For this, I would suggest several things.  First, read up on shame, since it’s at the root of the problem.  The reason people function as any other ‘lesser’ part of themselves is due to shame, in one form or another… to one degree or another.

Next, learn all you can about these lesser parts of you.  Especially the ego.  And the inner child.

And finally, remember this all starts when you step out of the flow.  When you step out of your flow.  So naturally, the solution involves returning to your flow.  You do that by meeting your needs.

Meeting your needs is an emotional experience. Safety, for example, is one of your needs.  And you don’t become safe by putting more locks on the door.  Rather, you become safe by generating the feeling of safety.  Likewise, with the other needs.

I realize most people in the world would not agree.  But then, most people in the world have never felt safe.  And they never will.  Because they keep looking outside themselves for the feeling of safety.  They’re expecting the illusion to give them something real.  It’s kind of crazy, if you really look at it.  They’re expecting the impossible.
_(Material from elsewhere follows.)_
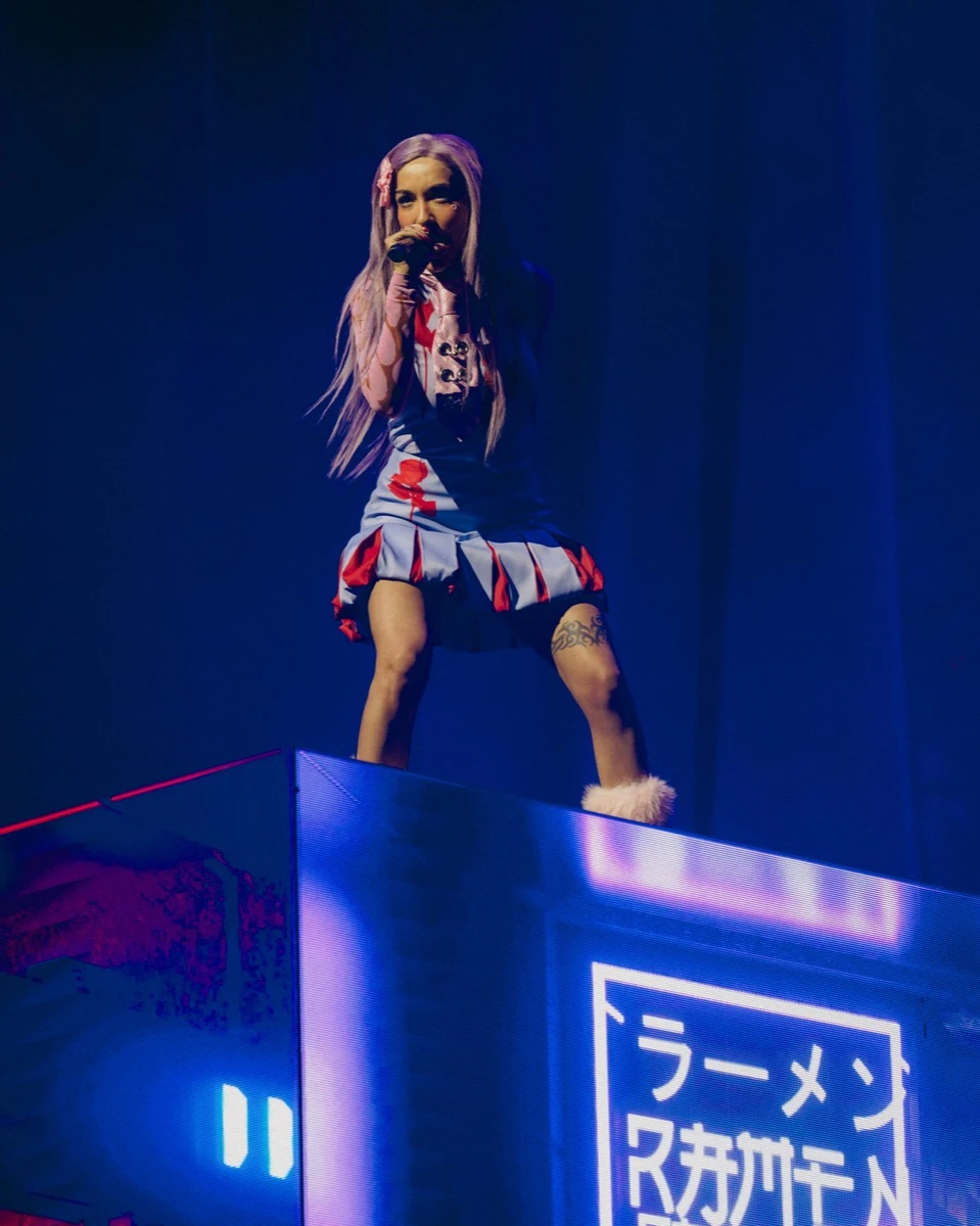 Con una propuesta estética teatral, llena de colores y guiños al universo drag, la artista presentó canciones de su álbum The Rise and Fall of a Midwest Princess y desató la locura del público con hits como “Hot to Go!”, “Pink Pony Club” y “Red Wine Supernova”.
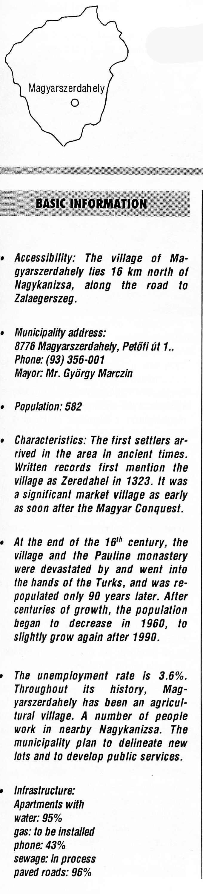 Nyilvános 2386 | 6619 | Magyarszerdahely | BASIC INFORMATION Accessibility: The village of Magyarszerdahely lies 16 km north of Nagykanizsa, along the road to Zalaegerszeg. Municipality address: 8776 Magyarszerdahely, Petőfi út 1. Phone: (93) 356-001 Mayor: Mr. György Marczin Population: 582 Characteristics: The first settlers arrived in the area in ancient times. Written records first mention the village as Zeredahel in 1323. It was a significant market village as early as soon after the Magyar Conquest. At the end of the 16th century, the village and the Pauline monastery were devastated by and went into the hands of the Turks, and was repopulated only 90 years later. After centuries of growth, the population began to decrease in 1960, to slightly grow again after 1990. The unemployment rate is 3.6%. Throughout its history, Magyarszerdahely has been an agricultural village. A number of people work in nearby Nagykanizsa. The municipality plan to delineate new lots and to develop public services. Infrastructure: Apartments with water: 95% gas: to be installed phone: 43% sewage: in process paved roads: 96% This text came from the following book: Title: Handbook of Zala county (Zala megye kézikönyve) Series: County handbooks of Hungary (Magyarország megyei kézikönyvei) Chief editor: Hóbor József Publisher: (Hatvan), CEBA-Hungary Ltd, 1998 ETO: 908.439.121(035) ; 050.8(439.121) ISBN: 963-9089-18-2 Pages: 488-1040 p. Remark: Closed on: 1998. márc. 31. |

Generating safety starts by generating the feeling of safety.  You’re hearing this from someone who spent most of his life feeling (and being) very unsafe.  It took me a long time to ‘get it’.

My life has changed dramatically in the last few months, and as far as I can tell, it started when I really got how important it is to consciously meet my needs.  That’s why I recorded the Seven Spheres meditation technique – as a way to get in touch with my needs.  It’s not the only way to meet your needs.  But it’s one way.  It’s a good starting point.  If you’re interested, you can order it directly from the link below.

It’s not going to immediately end the frustration or impatience, but over time it will.  And it will do a whole lot more as well.

Just remember to do your processing too!


Leslie May 9, 2011 at 7:04 pm

I Know That Writing Out The Things That Frustrate You Can Be Very Good Therapy. I’ve TRIED IT, And IT WORKS! But Then I Think Maybe I Can Stop, And My Frustrations Will Be Gone Also. But That’s Just NOT SO! You Have To KEEP AT IT, Until IT BECOMES A PART OF YOU! THEN, AND ONLY THEN CAN YOU BE TRULY FREE FROM IT!

Mark Ivar Myhre May 10, 2011 at 8:43 am

As I’m reading your comments, I realize that the frustration sticks around (usually) because there’s a certain word that follows the word ‘frustration’.

And that word is ‘because’. As in, “I’m frustrated because…” And what follows usually involves another person or situation that we can’t change.

For example… “I’m frustrated because so-and-so won’t change.”

Now for me personally, I’m frustrated because I have so many things I want to do, and not enough time to do them all. As I realized this just a few minutes ago, I decided to go to my shadow and see what’s there. Once in my shadow, I saw the helplessness and powerlessness of that frustration. I felt it and released it. Then I forgave myself for it. Then I brought in the ‘light shadow’ part of me – to bring in a new energy of peace and calmness and ‘dominion over time’.

We’ll see if it helps… I’ve still got a million things I want to do!